TIBÉRIO

Cheguei em casa por volta do meio-dia e meia. Atirei sobre o sofá da sala a minha pasta com o material escolar e comecei a subir a escada em direção ao meu quarto. Mal havia subido uns cinco degraus e ouvi, vinda da cozinha, a voz de minha mãe:

– Ricardo, é você meu filho?

E quem mais poderia ser àquela hora? Meu pai estava no trabalho e só retornaria para casa depois das seis da tarde, minha irmã Izildinha estava na casa de minha tia Ana.

– Troque logo de roupa que já vou servir o almoço – continuou ela como se eu estivesse em sua presença.

– Um minuto só, mamãe – respondi maquinalmente.

Entrei no quarto e me dirigi de imediato à janela que dava para a rua.

Lá fora uma quantidade considerável de pessoas caminhava pela calçada. Aquele era o horário em que muitas delas deixavam os locais de trabalho e iam para casa almoçar. Debrucei-me no parapeito da janela e estiquei o pescoço na tentativa de avistar quem eu esperava encontrar.

Não tive dificuldade em identificar Tibério, meu colega de classe que há poucos minutos andava ao meu lado, vindo da escola.

Ia o desafortunado rua afora cambaleando como sempre fazia ao caminhar.

Movido por uma mistura de compaixão e curiosidade, fixei nele os meus olhos e o acompanhei enquanto descia a rua.

Aquilo era inacreditável. Mesmo com tamanha dificuldade para se locomover, nunca se soube que ele levasse um tombo ou que se batesse em alguém enquanto caminhava.

– Este menino, com certeza, teve paralisia infantil, meu filho – informou minha mãe logo que o viu pela primeira vez.
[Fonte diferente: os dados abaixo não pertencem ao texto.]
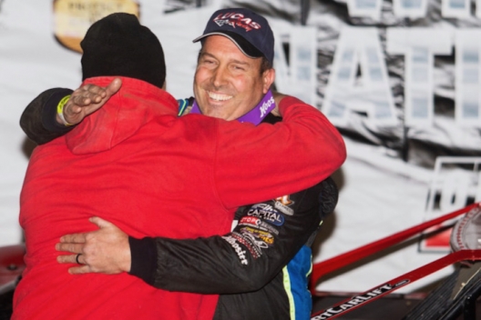 Shane Clanton gets a hug in victory lane at Bubba Raceway Park.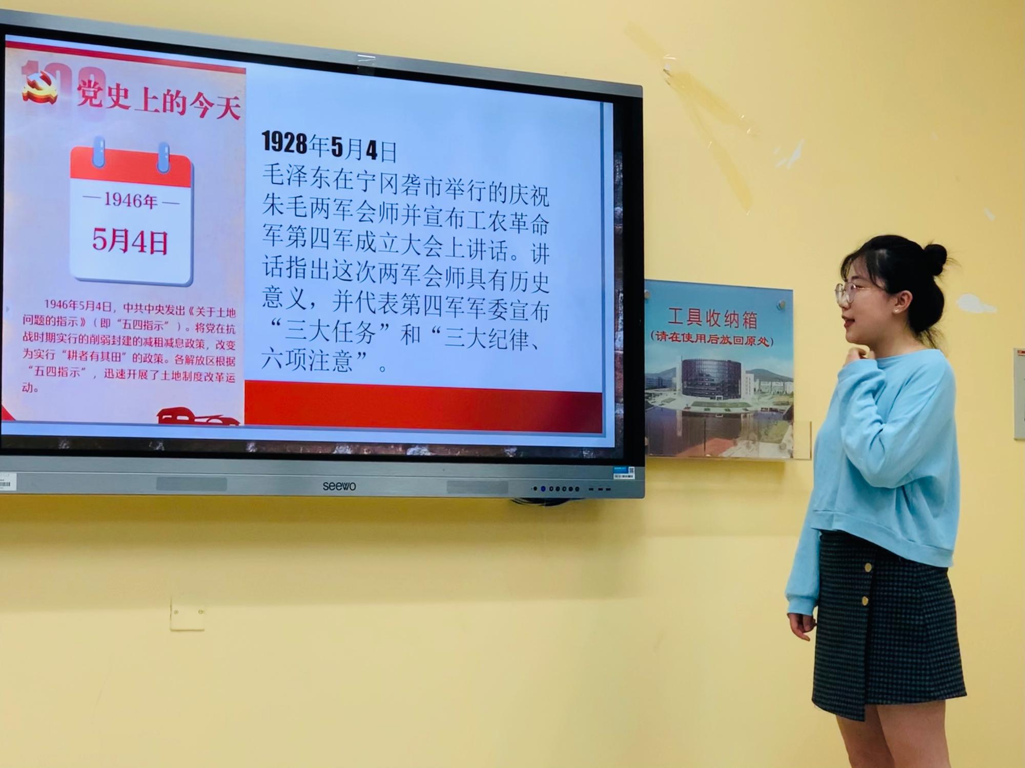 党员工作站在博四C107教室举行全体例会,本次会议的主要内容是共同观看五四宣传视频《青春与祖国同在》,并了解学习“党史上的5月4日”相关党史知识。此次会议由党站副站长常明慧主持,党站全体成员出席。

Naquela época aquele tipo de enfermidade era uma espécie de tragédia muito comum. A vacina que livraria o mundo daquele terrível mal só viria quase 10 anos depois. Até lá a poliomielite continuava fazendo vítimas de forma indiscriminada.

E Tibério era uma das pessoas que sofria as suas consequências.

Da porta do quarto veio outro chamado de minha mãe.

– Só um minuto, mamãe – respondi de pronto.

– O que está vendo aí? – procurou saber ela, vendo que eu me encontrava atento à rua.

– Nada importante não – desconversei, enquanto ouvia seus passos descendo a escada.

Voltei a observar a rua.

Lá embaixo, já quase virando a esquina da rua onde ele morava, ia o menino tentando se equilibrar sobre a perna sadia. A perna esquerda era perfeita, entretanto, a direita mal ia até o chão. Era torta.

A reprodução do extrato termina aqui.